__Entries supplied__
-=-=-
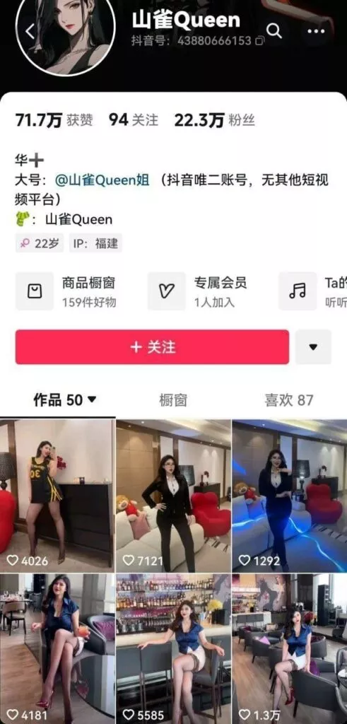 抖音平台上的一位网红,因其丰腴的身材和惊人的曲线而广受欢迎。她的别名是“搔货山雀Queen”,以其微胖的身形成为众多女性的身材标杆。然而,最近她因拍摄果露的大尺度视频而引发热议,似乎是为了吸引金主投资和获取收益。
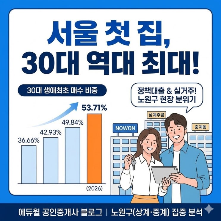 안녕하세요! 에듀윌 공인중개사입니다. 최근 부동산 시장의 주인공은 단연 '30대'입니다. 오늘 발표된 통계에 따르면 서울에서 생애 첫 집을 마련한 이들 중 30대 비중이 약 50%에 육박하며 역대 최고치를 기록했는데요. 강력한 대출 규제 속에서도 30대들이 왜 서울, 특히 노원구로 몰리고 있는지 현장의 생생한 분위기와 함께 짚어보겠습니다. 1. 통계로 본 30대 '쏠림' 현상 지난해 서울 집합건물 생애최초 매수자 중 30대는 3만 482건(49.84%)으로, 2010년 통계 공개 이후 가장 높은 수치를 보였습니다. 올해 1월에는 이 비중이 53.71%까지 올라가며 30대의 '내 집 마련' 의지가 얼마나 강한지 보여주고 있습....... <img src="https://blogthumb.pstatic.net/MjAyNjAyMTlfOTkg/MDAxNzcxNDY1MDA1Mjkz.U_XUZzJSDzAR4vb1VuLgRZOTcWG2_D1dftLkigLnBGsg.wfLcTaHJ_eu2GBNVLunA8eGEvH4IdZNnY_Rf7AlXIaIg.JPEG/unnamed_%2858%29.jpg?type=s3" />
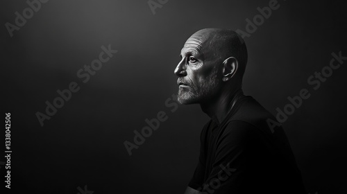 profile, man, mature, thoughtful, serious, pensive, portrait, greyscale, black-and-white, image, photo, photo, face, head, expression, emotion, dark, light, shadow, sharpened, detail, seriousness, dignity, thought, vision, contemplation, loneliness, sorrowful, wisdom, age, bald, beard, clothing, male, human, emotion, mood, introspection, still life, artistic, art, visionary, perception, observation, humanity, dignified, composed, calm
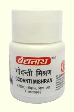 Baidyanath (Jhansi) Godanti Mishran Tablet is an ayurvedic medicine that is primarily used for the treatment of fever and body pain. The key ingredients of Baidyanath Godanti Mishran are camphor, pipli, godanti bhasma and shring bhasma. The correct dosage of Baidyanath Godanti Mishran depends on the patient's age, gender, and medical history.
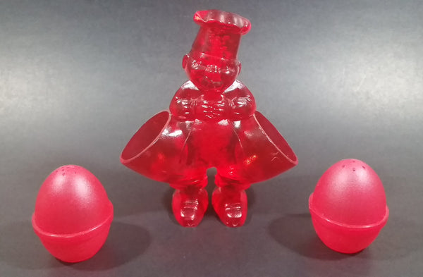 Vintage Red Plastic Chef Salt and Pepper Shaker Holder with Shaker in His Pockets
-=-=-
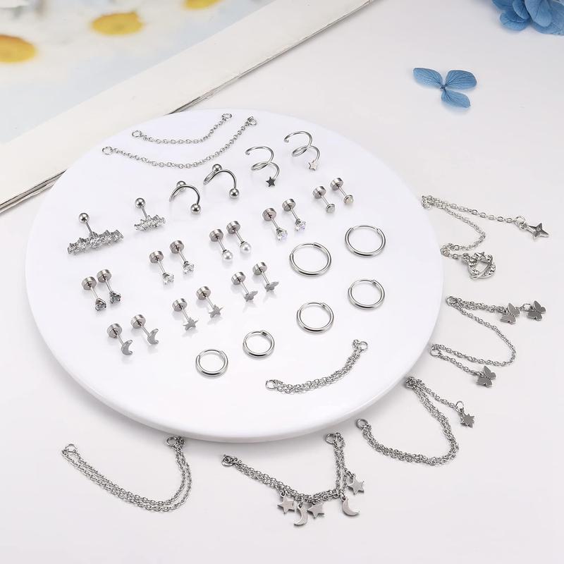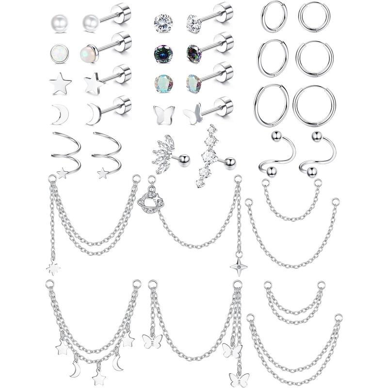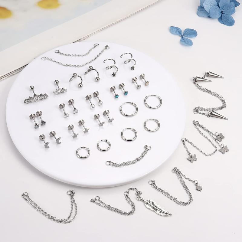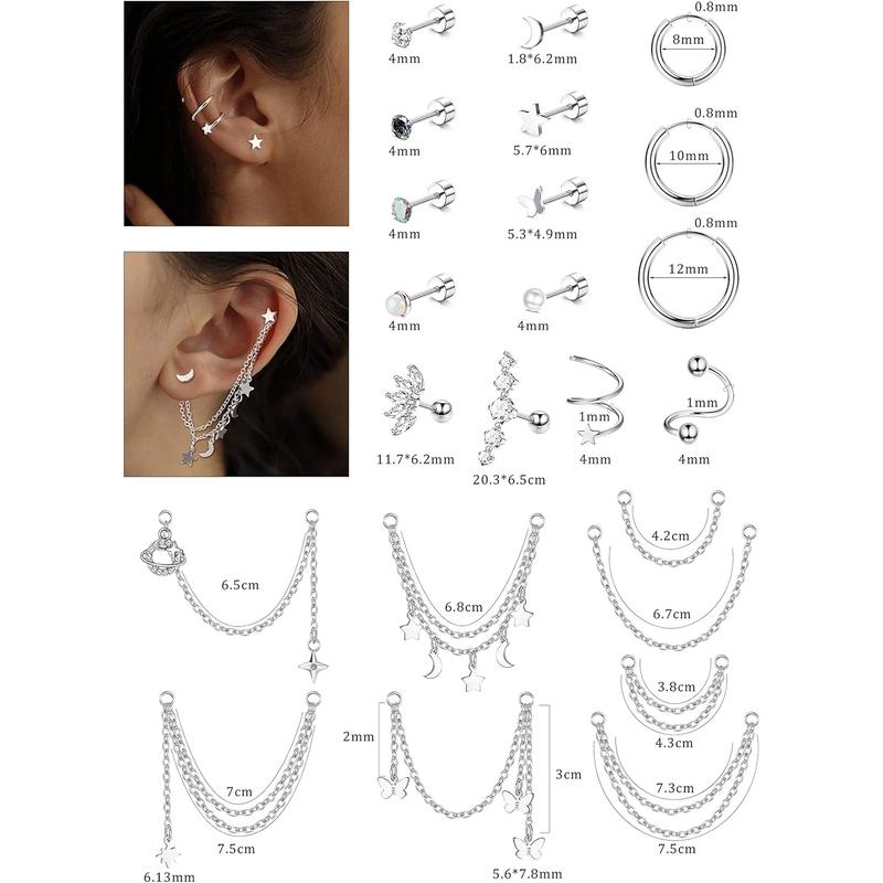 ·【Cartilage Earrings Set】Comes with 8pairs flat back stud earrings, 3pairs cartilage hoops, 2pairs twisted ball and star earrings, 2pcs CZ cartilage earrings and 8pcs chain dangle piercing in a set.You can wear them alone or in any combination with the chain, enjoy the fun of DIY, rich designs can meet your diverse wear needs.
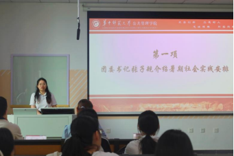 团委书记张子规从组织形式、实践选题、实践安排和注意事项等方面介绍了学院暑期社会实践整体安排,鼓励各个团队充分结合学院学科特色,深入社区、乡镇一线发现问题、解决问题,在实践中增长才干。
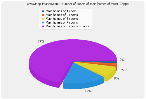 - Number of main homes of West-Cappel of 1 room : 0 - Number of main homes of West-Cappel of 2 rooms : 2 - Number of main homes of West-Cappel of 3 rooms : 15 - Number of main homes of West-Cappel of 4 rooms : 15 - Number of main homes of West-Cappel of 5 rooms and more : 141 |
-=-=-
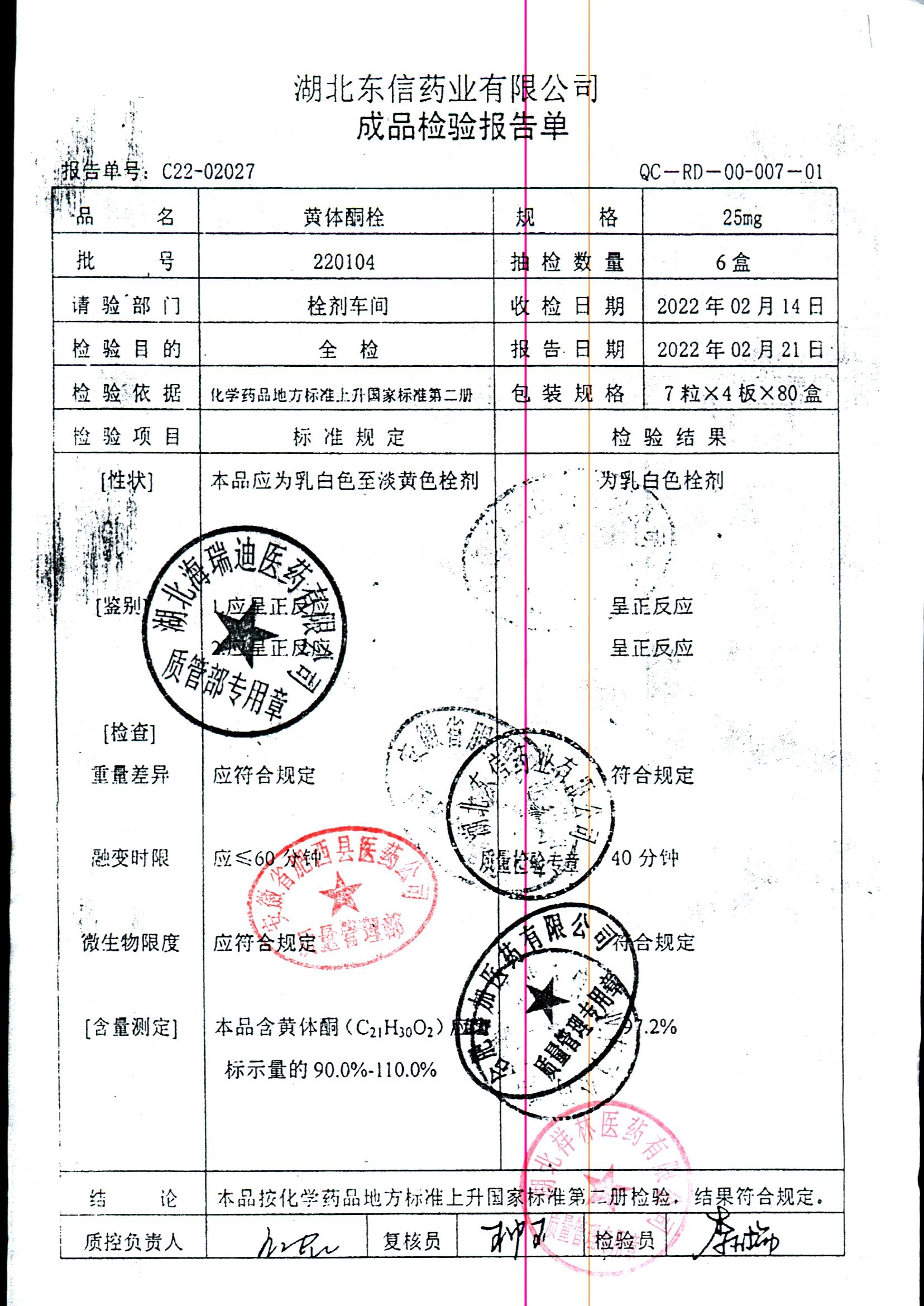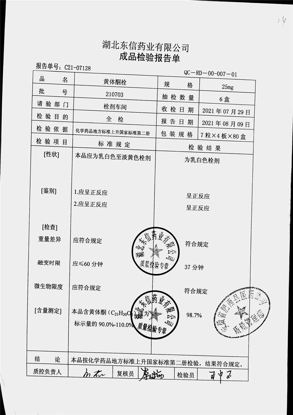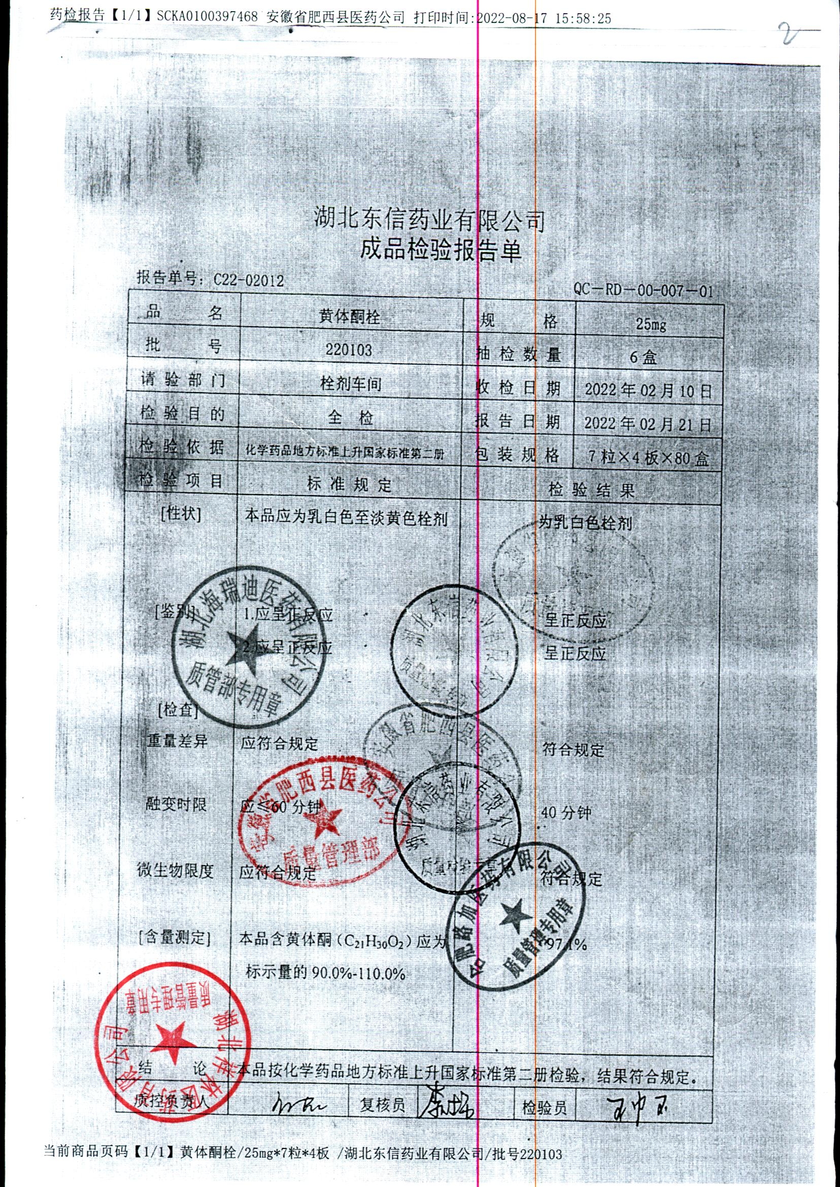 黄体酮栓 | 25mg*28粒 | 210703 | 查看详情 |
-=-=-
__Task details__
Only the lines of the listing above from the one with "Baidyanath (Jhansi) Godanti" through the one with "Vintage Red Plastic" should be output, exactly, with both ends kept and pictures left out.

__Output for this task__
 Baidyanath (Jhansi) Godanti Mishran Tablet is an ayurvedic medicine that is primarily used for the treatment of fever and body pain. The key ingredients of Baidyanath Godanti Mishran are camphor, pipli, godanti bhasma and shring bhasma. The correct dosage of Baidyanath Godanti Mishran depends on the patient's age, gender, and medical history.
 Vintage Red Plastic Chef Salt and Pepper Shaker Holder with Shaker in His Pockets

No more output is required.